Vertex Pharmaceuticals announced Wednesday morning that the drug, VX-770, improved lung function in people with cystic fibrosis in a late-stage clinical trial. The drug also reduced the frequency of disease exacerbations that required treatment with antibiotics.
The caveat is that VX-770 is designed to counter one specific genetic mutation that accounts for about 4 percent of cases of cystic fibrosis. Vertex is working on another drug for the most common mutation, but that one is further behind in development.
Still, the news is expected to be greeted favorably by doctors and patients and by Wall Street.
“I’ve been doing clinical trial for 30 years in C.F. and these are amazing results,’’ Dr. Bonnie W. Ramsey, a lead investigator in the trial, said in an interview.

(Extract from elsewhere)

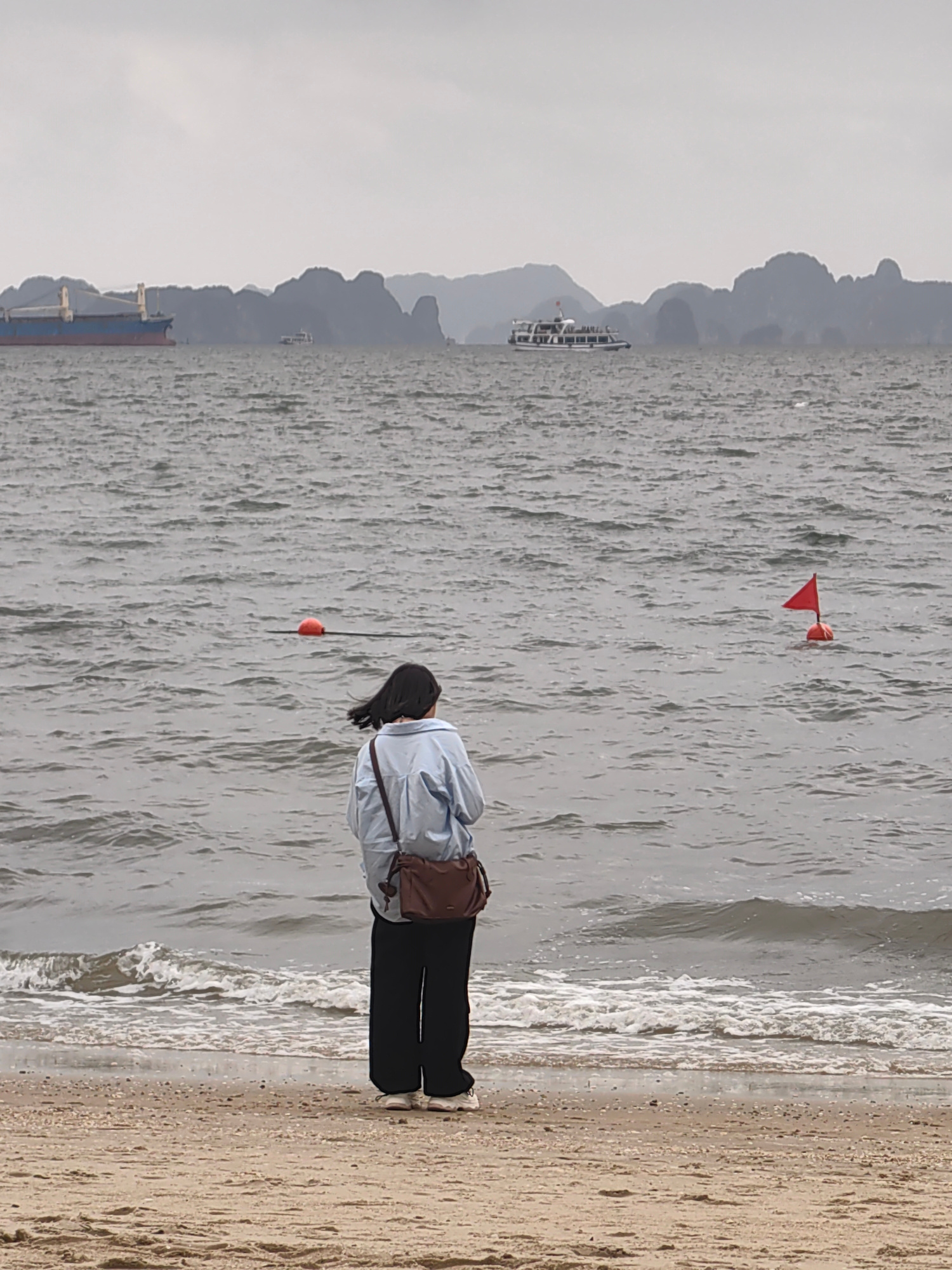 A person stands on a sandy beach facing the ocean in Bai Chay Ward, Vietnam. The person has dark hair and is wearing a light blue shirt, dark pants, and white shoes, with a brown bag slung over their…read more

Dr. Ramsey, a professor of pediatrics at the University of Washington, was briefed on the results by Vertex.
The results were announced by a press release and have not been peer reviewed by experts.
About 30,000 Americans and 70,000 people worldwide have cystic fibrosis, a disease caused by defects in a gene responsible for the transport of chloride ions across cell membranes. People with the disease tend to have very thick mucus in their lungs, which leads to infections and lung damage. Many do not live past age 40.
Two inhaled antibiotics and one drug that loosens mucus are approved to treat cystic fibrosis, but nothing that directly improves chloride ion transport.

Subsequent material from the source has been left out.